I'm trying to analyze a large text log file (11 GB). All of the data are numerical values, and a snippit of the data are listed below.
-0.0623 0.0524 -0.0658 -0.0015 0.0136 -0.0063 0.0259 -0.003
-0.0028 0.0403 0.0009 -0.0016 -0.0013 -0.0308 0.0511 0.0187
0.0894 0.0368 0*0243 0.0279 0.0314 -0.0212 0.0582 -0.0403 //<====row 3, weird ASCII char * is present
-0.0548 0.0132 0.0299 0.0215 0.0236 0.0215 0.003 -0.0641
-0.0615 0.0421 0.0009 0.0457 0.0018 -0.0259 0.041 0.031
-0.0793 0.01 //<====row 6, the data is misaligned here
0.0278 0.0053 -0.0261 0.0016 0.0233 0.0719
0.0143 0.0163 -0.0101 -0.0114 -0.0338 -0.0415 0.0143 0.129
-0.0748 -0.0432 0.0044 0.0064 -0.0508 0.0042 0.0237 0.0295
0.040 -0.0232 -0.0299 -0.0066 -0.0539 -0.0485 -0.0106 0.0225
Every set of data consists of 2048 rows, and each row has 8 columns.
Here comes the problem: when the data is transformed from binary files to text files using the logging software, a lot of the data are distorted. Take the data above as an example, row 3 column 3 there is a " * " present in the data. And in row 6, one row of data is broken into two rows, one row has 2 data and the other row has 6 data.
I am currently struggling reading this large text files using MATLAB. Since the file itself is so large, I can only use textscan to read the data.
for example:
C = textscan(fd,'%f%f%f%f%f%f%f%f',1,'Delimiter','\t ');
However, I cannot use '%f' as format since there contains several weird ASCII characters such as " * " or " ! " in the data. These distorted data cannot be treated as floating point numbers. So I choose to use:
C = textscan(fd,'%s%s%s%s%s%s%s%s',1,'Delimiter','\t ');
and then I transfer those strings into doubles to be processed. However, this encounters the problem of broken lines. When it reaches row 6, it gives:
[-0.0793],[0.01],[],[],[],[],[],[];
[0.0278],[0.0053],[-0.0261],[0.0016],[0.0233],[0.0719],[0.0143],[0.0163];
while it is supposed to look like:
-0.0793 0.01 0.0278 0.0053 -0.0261 0.0016 0.0233 0.0719 ===> one set
0.0143 0.0163 -0.0101 -0.0114 -0.0338 -0.0415 0.0143 0.129 ===> another set
Then the data will be offset by one row and the columns are messed up.
Then I try to do:
C = textscan(fd,'%s',1,'Delimiter','\t ');
to read one element at one time. If this element is NaN, it will textscan the next one until it sees something other than NaN. Once it obtains 2048 non-empty elements, it will store those 2048 data into a matrix to be processed. After being processed, this matrix is cleared.

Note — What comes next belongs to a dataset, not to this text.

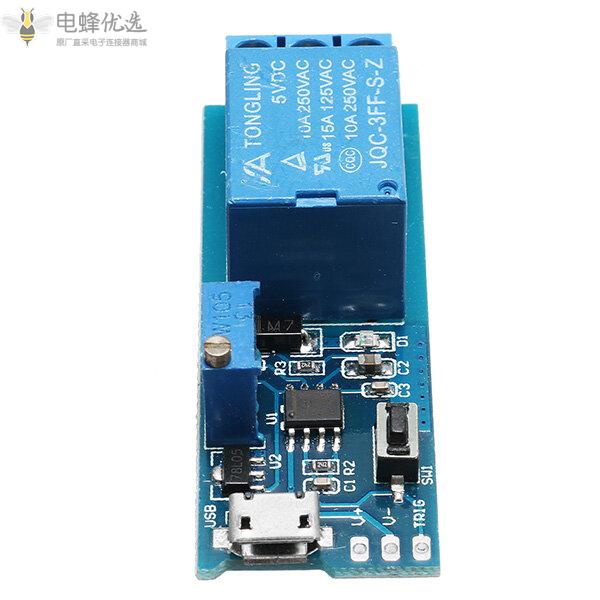 在外部接点(TRIG)启动低脉冲信号,或轻触触发按钮瞬间,继电器和指示灯亮,继电器输出状态为常开(NO)和公共端(COM)导通,常闭( NC)和公共端(COM)故障开路,经过0-24秒(此时间可根据您的需要调整)分钟后继电器断开,继电器恢复到触发前的状态。

This method works well for the first 20% of the whole file....BUT,
since the file itself is 11GB which is very large, after reading about 20% of the file, MATLAB shows:
Error using ==> textscan
Out of memory. Type HELP MEMORY for your options.
(some people suggest using %f while doing textscan, but it won't work because there are some ASCII chars which are causing problem)
Any suggestions to deal with this file?
EDIT: I have tried:
C = textscan(fd,'%s%s%s%s%s%s%s%s',2048,'Delimiter','\t ');
Although the result is incorrect due to the misalignment of data (like row 6), this code indeed does not cause the "Out of memory" problem. Out of memory problem only occurs when I try to use
C= textscan(fd,'%s',1,'Delimiter','\t ').
to read the data one entry by one entry. Anyone has any idea why this memory problem happens?